I have a history of missing bassist Tamara Murphy so I’m relieved to have finally caught her but it was a close thing. Tamara was here again with the Fran Swinn Trio at Hippo on a tour to launch their new CD. Even this time I only managed to get there for their final set after another engagement. I’d missed this trio with a circus act a few months before and Tamara a string of times in the past. Then when I was recently at the David Gage bass shop in NYC, I mentioned Australia and they volunteered Tamara Murphy, which impressed me. So finally I catch up.

This trio plays an impressionistic music of varied times and angular melodies and with that indefinite pitch that I hear in some modern jazz guitar. The underlying harmonies often sound of limited chords and the bass is more riffish than chordal. Fran’s guitar solos break from this with modern substitutions, a general freedom of harmony and sequences that move over symmetrical changes and into and out of dissonance using a sharp, trebly tone with echo effects and finger picking along with plectrum. I thought of Scofield and Fran mentioned Metheny and Frisell. Tamara took frequent solos which were more consonant and with a lovely sense of intervallic melody, although I did wonder at the exotic scales she was playing (this was not obvious major tonality). These were clearly double-bass solos of intellect and movement and with a fair touch of speed and with a unusual double-speed note pairs out of little two-finger fills. Tamara was playing on a borrowed gut-strung bass. I‘m not sure of her normal instrument and its stringing, but it would be interesting to see what changes this different bass has wrought in her playing. Ben’s drumming initially seemed sparse and truncated and soft (question my feminist credentials, but for the first solo I thought of a local lack of testosterone) but that was just the first solo I heard. Later, there were solos of volume and rolls and busy-ness, and these solos were frequent and surprisingly short (which I felt that suited the band) and of a modern approach that felt to me like storytelling.

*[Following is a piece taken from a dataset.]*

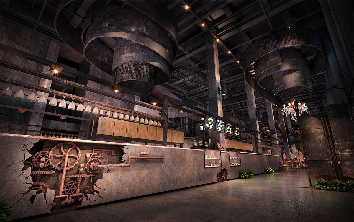 • 北京萬興通達辦公裝修項目-個性化美食城裝修效果圖
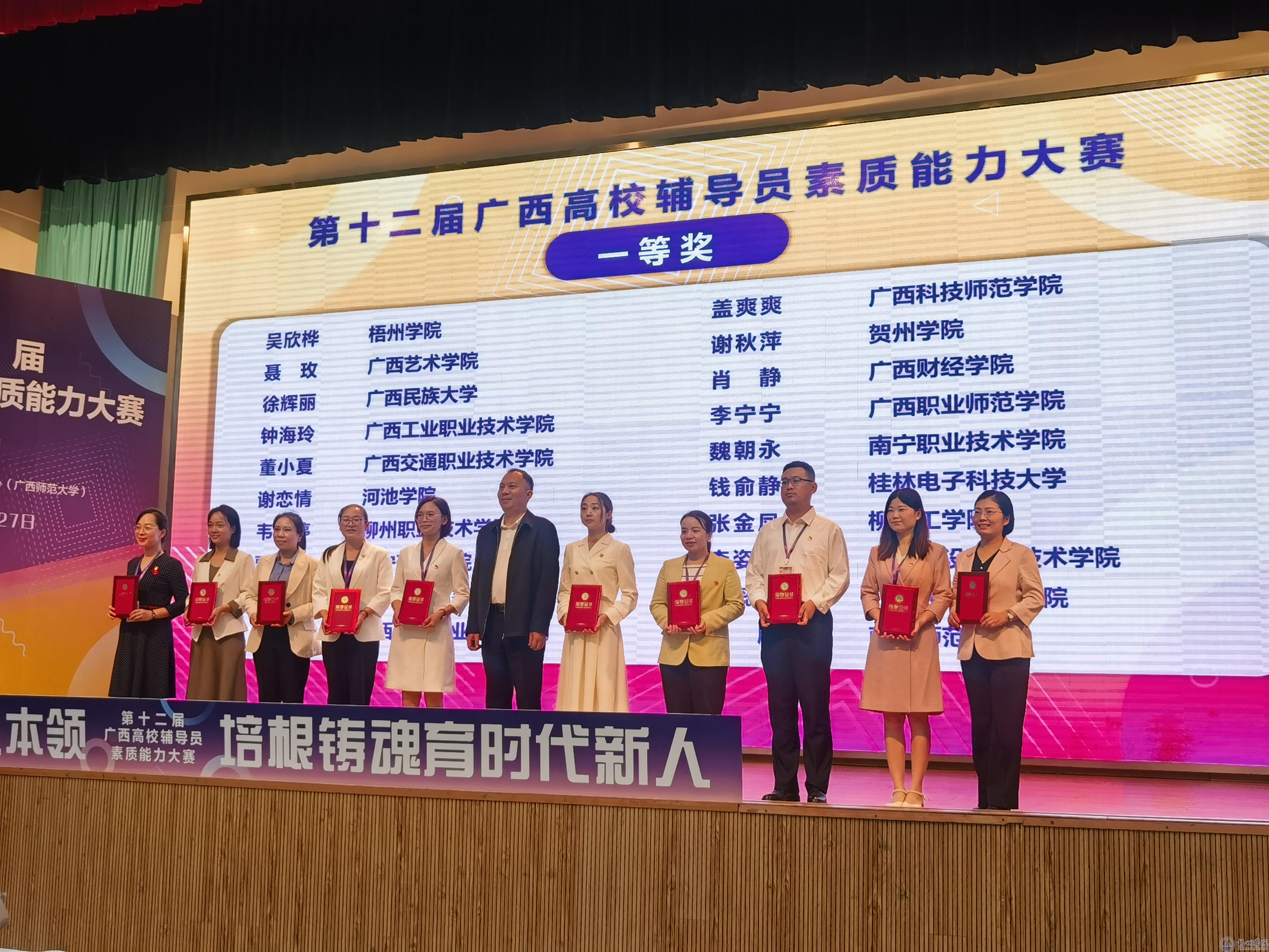 10月25-27日,第十二届广西高校辅导员素质能力大赛在桂林举行。此次大赛由广西壮族自治区教育厅主办,教育部高校思想政治工作队伍培训研修中心(广西师范大学)承办,全区各高校选拔推荐92名辅导员代表参赛。我校辅导员吴欣桦荣获一等奖。

The tunes were presumably originals, although I thought Fran said we’d recognise the last tune of the night (I didn’t). I counted 7s and a 5/4 ballad and had difficulty counting some others so I guessed odd counts like 13s or 15s. The melodies were jagged and unexpected to my ear, but attractive too. The form was mostly standard head-solos-head, but there was variation, and the solos were not particularly different from the head in structure or conception, so there was a consistency within and between tunes which seems to me a mark of impressionism. It all makes for an interesting palette and a desire on my part to revisit people like Metheny and Meldau and their impressionistic ilk.

Fran Swinn (guitar) led a trio with Tamara Murphy (bass) and Ben Hendry (drums).